Итак, взаимоопределение индивидов в социальном пространстве строилось по принципу патрилинейного генеалогического родства. Роды же, говоря словами Ю. Д. Южакова, «выделились в особые группы по местности и обособились настолько, что почти не чувствуют общей связи и интересов»11. Более того, характеризуя социальную организацию казахского общества, В. В. Радлов приходил к выводу, что «орды, так же как племена и роды, образуют замкнутое целое лишь постольку, поскольку они противостоят другим ордам, племенам и родам»12.

Стабильное существование кочевого общества зависело от его способности урегулировать противоречия между центробежными тенденциями, возникновению которых способствовало дисперсное расселение малозависящих друг от друга хозяйственных единиц, и стремлением аристократии интегрировать эти единицы в централизованную военно-потестарную систему. Сделать это было непросто в условиях политической децентрализации, когда всякий «ищет сам повелевать»13 и распространено пренебрежение к власти, когда султанов, считающихся чингизидами, почитают, но реальной власти им

стараются не давать14. Огромное количество пословиц и поговорок отражает стремление кочевников к обособлению и связанный с ним конфликтный характер отношений между людьми: «можно родиться вместе, но нельзя жить вместе»; «две бараньи головы не поместятся в одном котле»; «друг горек — скот сладок»; «болезни от пищи, раздоры от родных» (ауру астан, дау карыстан) и т. д.15 Недаром же Абай сказал, что «у казаха нет большего врага, чем другой казах»16.

В таком социально-психологическом климате было очень важно определить социальный статус каждого генеалогического подразделения и ту степень общественного признания, на которую оно могло затем претендовать. Для этого были выработаны специальные формы общественной практики — ими обеспечивалось выдвижение представителями разных групп своих социальных притязаний и их взаимное признание. Так, соперничество между представителями разных родов благоприятствовало постоянной риторической практике, способствовало усовершенствованию речевых механизмов убеждающего воздействия на слушателей. Многие наблюдатели отмечали красноречие казахов. «Несколько дней назад я был свидетелем столкновения между двумя враждующими партиями и с удивлением рукоплескал ораторам, которые никогда не слышали о Демосфене и Цицероне... но поразили меня своими талантами», — писал в середине XIX века ссыльный революционер А. Янушкевич17.

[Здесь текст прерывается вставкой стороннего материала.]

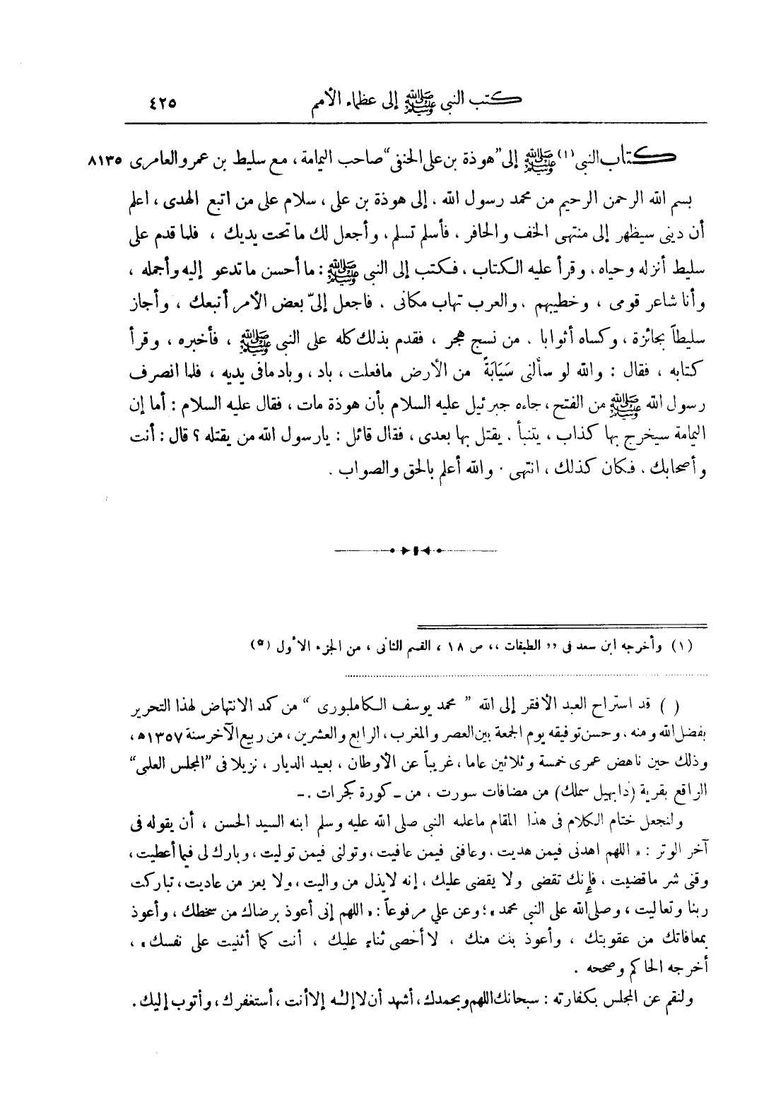 كِتَابُ النَّبِيِّ صَلَّى اللَّهُ عَلَيْهِ وَسَلَّمَ1 إلَى هَوْذَةَ بْنِ عَلِيٍّ الْحَنَفِيِّ صَاحِبِ الْيَمَامَةِ، مَعَ سَلِيطِ بْنِ عَمْرٍو الْعَامِرِيِّ "بِسْمِ اللَّهِ الرَّحْمَنِ الرَّحِيمِ مِنْ مُحَمَّدٍ رَسُولِ اللَّهِ، إلَى هَوْذَةَ بْنِ عَلِيٍّ، سَلَامٌ عَلَى مَنْ اتَّبَعَ الْهُدَى، اعْلَمْ أَنَّ دِينِي سَيَظْهَرُ إلَى مُنْتَهَى الْخُفِّ وَالْحَافِرِ، فَأَسْلِمْ تَسْلَمْ، وَأَجْعَلْ لَك مَا تَحْتَ يَدَيْك"، فَلَمَّا قَدِمَ عَلَى سَلِيطٍ أَنْزَلَهُ وَحَيَّاهُ، وَقَرَأَ عَلَيْهِ الْكِتَابَ، فَكَتَبَ إلَى النَّبِيُّ صَلَّى اللَّهُ عَلَيْهِ وَسَلَّمَ: مَا أَحْسَنَ مَا تَدْعُو إلَيْهِ وَأَجْمَلَهُ، وَأَنَا شَاعِرُ قَوْمِي، وَخَطِيبُهُمْ، وَالْعَرَبُ تَهَابُ مَكَانِي، فَاجْعَلْ إلَيَّ بَعْضَ الْأَمْرِ أَتَّبِعْك، وَأَجَازَ سَلِيطًا بِجَائِزَةٍ، وَكَسَاهُ أَثْوَابًا، مِنْ نَسْجِ هَجَرَ، فَقَدِمَ بِذَلِكَ كُلِّهِ عَلَى النَّبِيِّ صَلَّى اللَّهُ عَلَيْهِ وَسَلَّمَ، فَأَخْبَرَهُ، وَقَرَأَ كِتَابَهُ، فَقَالَ: "وَاَللَّهِ لَوْ سَأَلَنِي شَيْئًا بِهِ مِنْ الْأَرْضِ مَا فَعَلْتُ، بَادَ، وَبَادَ مَا فِي يَدَيْهِ"، فَلَمَّا انْصَرَفَ رَسُولُ اللَّهِ صَلَّى اللَّهُ عَلَيْهِ وَسَلَّمَ من الفتح، جاءه جبرئيل عليه السلام بِأَنَّ هَوْذَةَ مَاتَ، فَقَالَ عليه السلام: "أَمَا إنَّ الْيَمَامَةَ سَيَخْرُجُ بِهَا كَذَّابٌ، يَتَنَبَّأُ، يُقْتَلُ بِهَا بَعْدِي"، فَقَالَ قَائِلٌ: يَا رَسُولَ اللَّهِ مَنْ يَقْتُلُهُ؟ قَالَ: "أَنْتَ وَأَصْحَابُك"، فَكَانَ كَذَلِكَ، انْتَهَى وَاَللَّهُ أَعْلَمُ بِالْحَقِّ وَالصَّوَابِ. (*)

Очень распространенной формой были также айтысы — состязания акынов (поэтов-импровизаторов). На них прославлялись подвиги и заслуги героев прошлого; герои эти относились к разным племенам и родам, и так, метафорическими средствами, конкурирующие группы и индивиды как бы помещались в целостное смысловое пространство, образуемое единой патрилинейной генеалогией и освященное авторитетом всеми признаваемого «общего предка». Конечной целью было взаимное позиционирование людей в системе властно-статусных отношений посредством выяснения степени «старшинства», то есть генеалогической близости к почитаемому отцу-основателю данного рода или племени.

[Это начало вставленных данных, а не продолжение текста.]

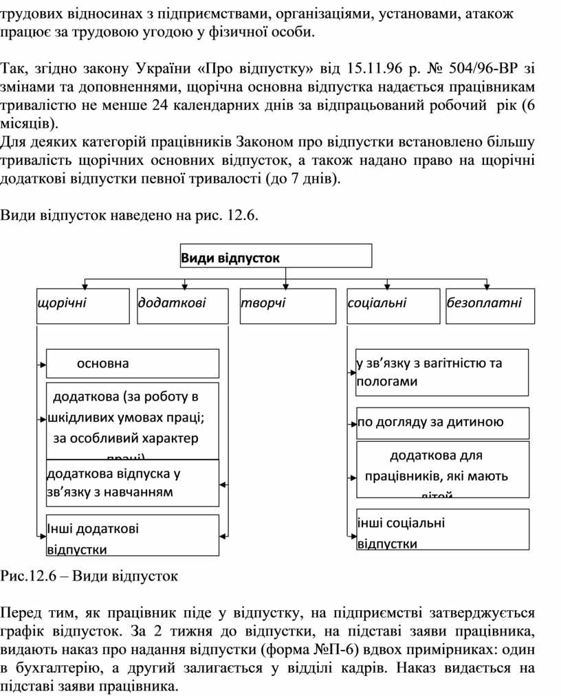 Так, згідно закону України «Про відпустку» від 15.11.96 р. № 504/96-ВР зі змінами та доповненнями, щорічна основна відпустка надається працівникам тривалістю не менше 24 календарних днів за відпрацьований робочий рік (6 місяців).

Благодаря своей способности служить легитимной (признаваемой всеми соперничающими сторонами) основой социальной коммуникации, метафорические и риторические средства выражения «родовой проблематики» заняли особое место в повседневной практике кочевников. Вместе с родовыми наименованиями они устанавливали координаты жизни человека в обществе, без чего коммуникация была попросту невозможна. Как способы объяснения окружающего мира они не имели себе альтернативы в традиционном кочевом обществе — и потому были так могущественны, потому слово имело такой вес, а

отношение к этому продукту человеческого сознания было сродни отношению к природным явлениям.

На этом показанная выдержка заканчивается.